I think that this algorithm will run in O(k log n) time since the extract-max operation will run in O(log n) and I perform it k times.

Is this the right approach? It seems that I have not used the given info "this kth element appears in both heaps"? Is there a better approach utilizing this info?

Bernhard Barker
  • 54,589
  • 14
  • 104
  • 138
LKT
  • 311
  • 1
  • 7
  • 17
  • 6
    Your approach and analysis seems fine to me – amit May 31 '14 at 22:30
  • 2
    Does *anyone* understand the point of "given that this kth element appears in both heaps"? – ooga May 31 '14 at 22:43
  • 2
    It could just be a way to simplify the problem slightly. Once you've popped off `k-1` elements, there's no need to examine the heads of both heaps. – Sneftel May 31 '14 at 22:44
  • I think your code is *almost* right. You probably don't want to take both elements in the case of duplicates. Make the first test `>=`, and get rid of the dangling `else`. Otherwise you have inconsistent behavior. If one heap has duplicate items, they're extracted one at a time. But if there are duplicate items across heaps, they're extracted in a single operation. That will lead to problems. Other than that, your approach is sound. Although I don't understand what "this kth element appears in both heaps" means. – Jim Mischel Jun 01 '14 at 04:13
  • Thanks guys for the comments. Yes, I quite don't get the extra info given in this problem too, that's why I posted the question. I think we might utilize it for a better approach than mine. @JimMischel: Let's say if there are a duplicate across two heaps. heap #1 hast root 6 and heap #2 has root 6. k = 2 (find second largest). If I just extract-max from heap #1, now heap #1 has root 5 (for example) and heap #2 still has root 6 and k = 1. Next extract-max will extract 6 as my second largest since k = 0 now although 5 should be the second largest in this situation. – LKT Jun 01 '14 at 06:50
  • Also I found a bug in my code and does not know how to fix. Let's say heap #1 has root 6, and another 6 duplicate in it. Heap #2 has root 6. k=2 (find second largest). According to my original code, I will extract-max both 6 in heap #1 and heap #2. After that, heap #1 will have root 6 and heap #2 will have let's say root 5 and now k = 1. Next I will extract-max heap #1 and k = 0 now and the code reports that my second largest is 6, but it should be 5 in this case. Does anybody know to fix it? I think we might need to use the additional given info that I have not used. Thanks! – LKT Jun 01 '14 at 06:55
  • @LKT This 'bug' can be easily solved with popping elements from the heap while the root is identical to the old root, every time you delete elements from a heap. – amit Jun 01 '14 at 07:45
  • @JimMischel The extraction of 2 elements, one from each heap is done because the question asks for k'th largest element in the **union** of heaps, usually the terminology for union means take at most one copy of each element.

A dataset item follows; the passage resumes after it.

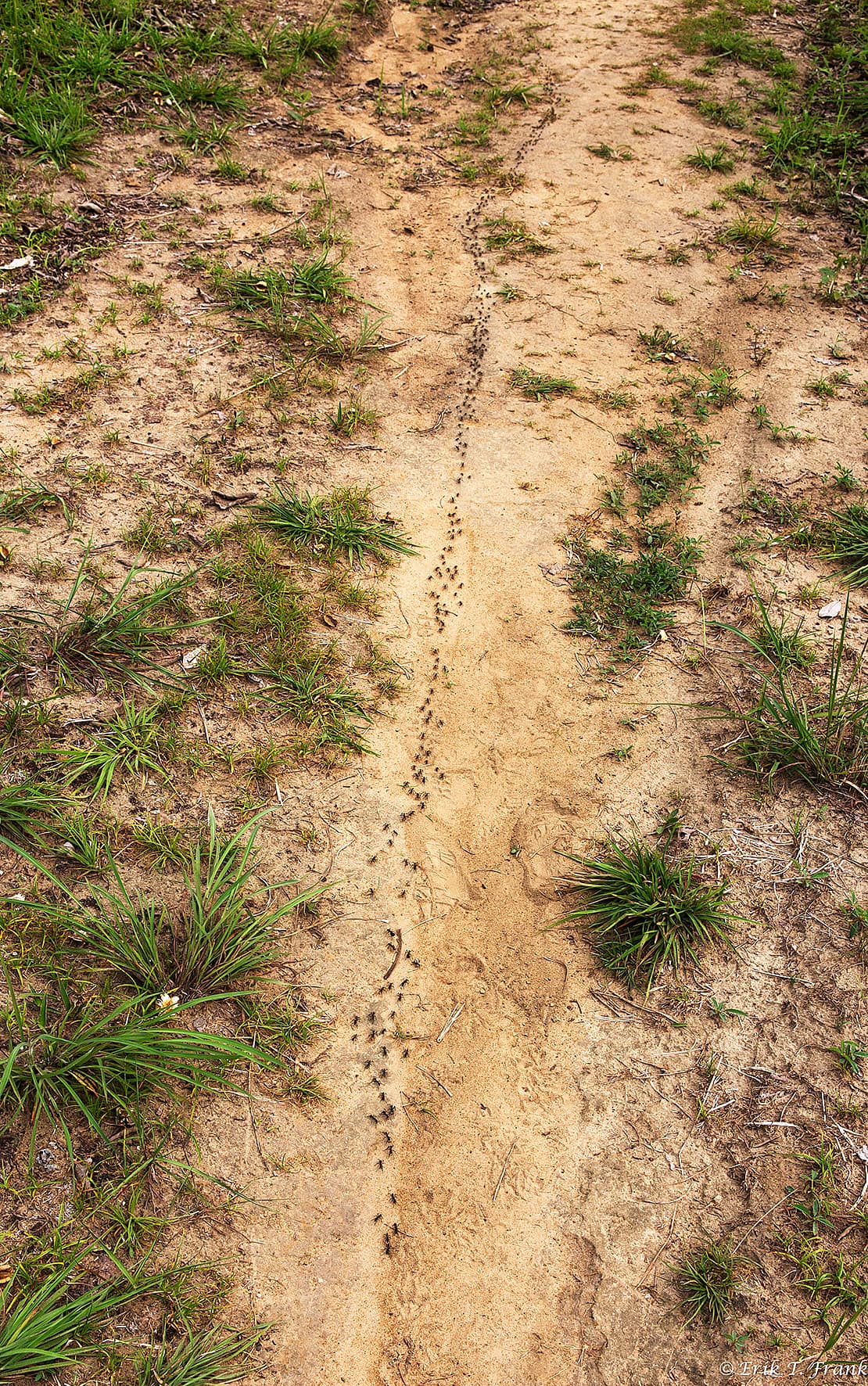 Für die Ameise lohnen sich Umwege, wenn sie dafür auf günstigerem Terrain unterwegs sein können. Bei ihren Versuchen hat das Team um Frank um ein Nest der Matabele-Ameisen (Megaponera analis) herum glatte und grasbestandene Flächen angelegt. Den Vorteil der glatten Flächen wussten die Späher-Ameisen zu nutzen: Die von ihnen markierten Straßen führten in rund 60 Prozent der Fälle zumindest teilweise über das einfachere Geläuf und brachten der Kolonie im Schnitt eine Zeitersparnis von über einem Drittel gegenüber dem direkten Weg ein.

But since it is an interview question - asking for clarification from the interviewer can be a good idea, and will show him you have good understanding of the different possibilities. – amit Jun 01 '14 at 07:46
  • Also note: More efficient (asymptotically, not practically) solution would be to [find k'th biggest element in each heap in O(klogk)](http://stackoverflow.com/q/11209556/572670), create two arrays of size `k`, merge them to array of size `2k` in `O(k)` and find `k`th biggest element in a sorted array. – amit Jun 01 '14 at 07:52
  • @amit Could you expand on your comment, please? I failed to understand both your comment and the linked `O(k*log(k))` solution. Thanks! – Ali Jun 01 '14 at 10:41
  • @Ali You can use a heap of size O(k) to find the k largest elements in a max-heap of arbitrary size in O(k log k). In fact [it can even be done in O(k)](http://stackoverflow.com/questions/22574580/algorithm-for-finding-the-largest-k-numbers-in-a-max-heap-of-size-n-in-ok-time), which is somewhat surprising. You do that for both heaps. Now you have 2k unsorted elements and want to find the k-th largest among those. You can do the latter step by sorting in O(2k log (2k)) = O(k log k) and then retrieving the k-th element... – Niklas B. Jun 01 '14 at 11:38
  • ... You can also use the [median of medians selection algoirithm](http://en.wikipedia.org/wiki/Median_of_medians) to get the k-th element in O(k). So in total (@amit) it is in fact possible to solve the problem in O(k), but the heap selection due to Frederickson likely has galactic constant factors that make the algorithm totally impractical. – Niklas B. Jun 01 '14 at 11:38
  • @amit Yes, I can see that it solves the problem, but it will break the constraint O (k log n). For instance, an easy example to examine is heap #1 and heap #2 each has 5 nodes (4 of them are 7, 1 is 6 with 7 is being root of course since it's a max heap) - find the second largest (in this case it should return 6). By running my algorithm and your bug fix, I think the returned result is correct, but the big O is no longer k log n since we run the extract-max operation more than 2 times. – LKT Jun 02 '14 at 07:49
  • @LKT Handling with duplicates is impossible other way, assume a heap with `2n` values, `n` of them are '1', and all the others are greater than 1. How can you find the 2nd largest element, which is not 1 efficiently? You cannot. The 2nd largest element can be in any leaf node - it is undefined which one, and all non-leaf nodes are 1. Finding this value requires traversing all the leaves of the heap, which will be `O(n)`. – amit Jun 02 '14 at 12:29
  • @amit yup, that's what I thought also. The worst case is O (n log n). But I'm just wondering if we can utilize the info "given kth element appears in both heaps" to do something better? Maybe not...i guess :) – LKT Jun 02 '14 at 18:14

3 Answers3

1

The algorithm you’re describing here is very reasonable and probably extremely fast in practice. I wanted to add that, surprisingly, it’s possible to do this in time O(k) with no dependence on n at all.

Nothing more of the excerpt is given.